**WHAT NEEDS TO BE DONE:** Copy the data verbatim and leave out every picture.

**DATA SHOWN:**
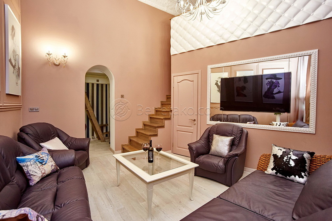Код: 172. ПОМЕСЯЧНО АРЕНДА АКТУАЛЬНА В ПЕРИОД С 01.09 ДО 30.05 (в летний сезон сдается посуточно от 2-х суток, раннее бронирование от 5-и суток и более). Пятикомнатная квартира в центре Одессы, ул. Дерибасовская/угол Греческой площади, 2/3 - эт. дома - памятника архитектуры, общая площадь 100 кв. м. Авторский ремонт, сочетание классики и современного стиля, качественные материалы, высокие потолки (5 м. ), большой зал в двух уровнях с LCD телевизором, четыре спальни с большими двуспальными кроватями, дорогая итальянская мебель, кожаная мягкая мебель, огромная круглая кровать в центре главной спальни, создают атмосферу абсолютного комфорта. Санузел с джакузи на 2 места. Квартира оборудована: 3 кондиционера, плазменный TV + 2 LCD TV в спальнях, WI-FI интернет, большая джакузи, DVD, стиральная машина, CD-магнитола, спутниковое ТВ, микроволновая печь, фен, кофеварка, тостер, телефон. Прекрасный вид из окон на Греческую площадь. Удачное расположение дома, самое сердце Одессы, множество достопримечательностей, потрясающая архитектура, множество кафе и ресторанов под открытым небом. Напротив дома (в самом центре Греческой площади) расположен большой торговый центр «Афина» (с платным подземным паркингом). Вход в дом - железные ворота с домофоном. Допускается проживание с животными. Аренда от 1-го месяца и более. Стоимость может варьироваться в зависимости от срока аренды. Перед просмотром уточните наличие и детали по VIBER, WHATSAPP или TELEGRAM, указав «КОД» из объявления. КОМИССИЯ З
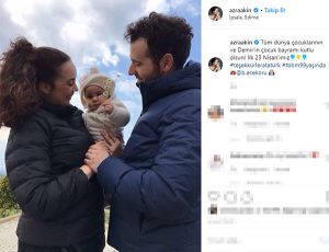 Azra Akın, 23 Nisan Ulusal Egemenlik ve Çocuk Bayramı’nda, eşi Atakan Koru ve 4,5 aylık oğlu Demir ile çekilmiş bir fotoğrafını paylaştı.
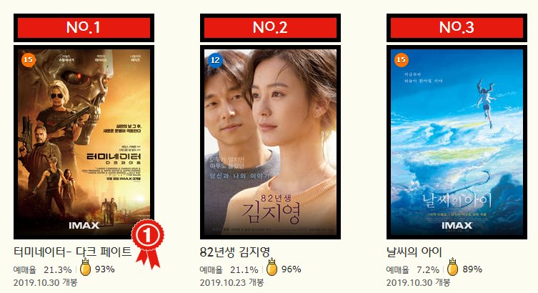 현재 박스오피스 예매순위 1위는 터미네이터 다크 페이트입니다. 2위는 82년생 김지영이 차지했으며 3위는 날씨의 아이입니다.

**TASK SOLUTION:**
Код: 172. ПОМЕСЯЧНО АРЕНДА АКТУАЛЬНА В ПЕРИОД С 01.09 ДО 30.05 (в летний сезон сдается посуточно от 2-х суток, раннее бронирование от 5-и суток и более). Пятикомнатная квартира в центре Одессы, ул. Дерибасовская/угол Греческой площади, 2/3 - эт. дома - памятника архитектуры, общая площадь 100 кв. м. Авторский ремонт, сочетание классики и современного стиля, качественные материалы, высокие потолки (5 м. ), большой зал в двух уровнях с LCD телевизором, четыре спальни с большими двуспальными кроватями, дорогая итальянская мебель, кожаная мягкая мебель, огромная круглая кровать в центре главной спальни, создают атмосферу абсолютного комфорта. Санузел с джакузи на 2 места. Квартира оборудована: 3 кондиционера, плазменный TV + 2 LCD TV в спальнях, WI-FI интернет, большая джакузи, DVD, стиральная машина, CD-магнитола, спутниковое ТВ, микроволновая печь, фен, кофеварка, тостер, телефон. Прекрасный вид из окон на Греческую площадь. Удачное расположение дома, самое сердце Одессы, множество достопримечательностей, потрясающая архитектура, множество кафе и ресторанов под открытым небом. Напротив дома (в самом центре Греческой площади) расположен большой торговый центр «Афина» (с платным подземным паркингом). Вход в дом - железные ворота с домофоном. Допускается проживание с животными. Аренда от 1-го месяца и более. Стоимость может варьироваться в зависимости от срока аренды. Перед просмотром уточните наличие и детали по VIBER, WHATSAPP или TELEGRAM, указав «КОД» из объявления. КОМИССИЯ З
 Azra Akın, 23 Nisan Ulusal Egemenlik ve Çocuk Bayramı’nda, eşi Atakan Koru ve 4,5 aylık oğlu Demir ile çekilmiş bir fotoğrafını paylaştı.
 현재 박스오피스 예매순위 1위는 터미네이터 다크 페이트입니다. 2위는 82년생 김지영이 차지했으며 3위는 날씨의 아이입니다.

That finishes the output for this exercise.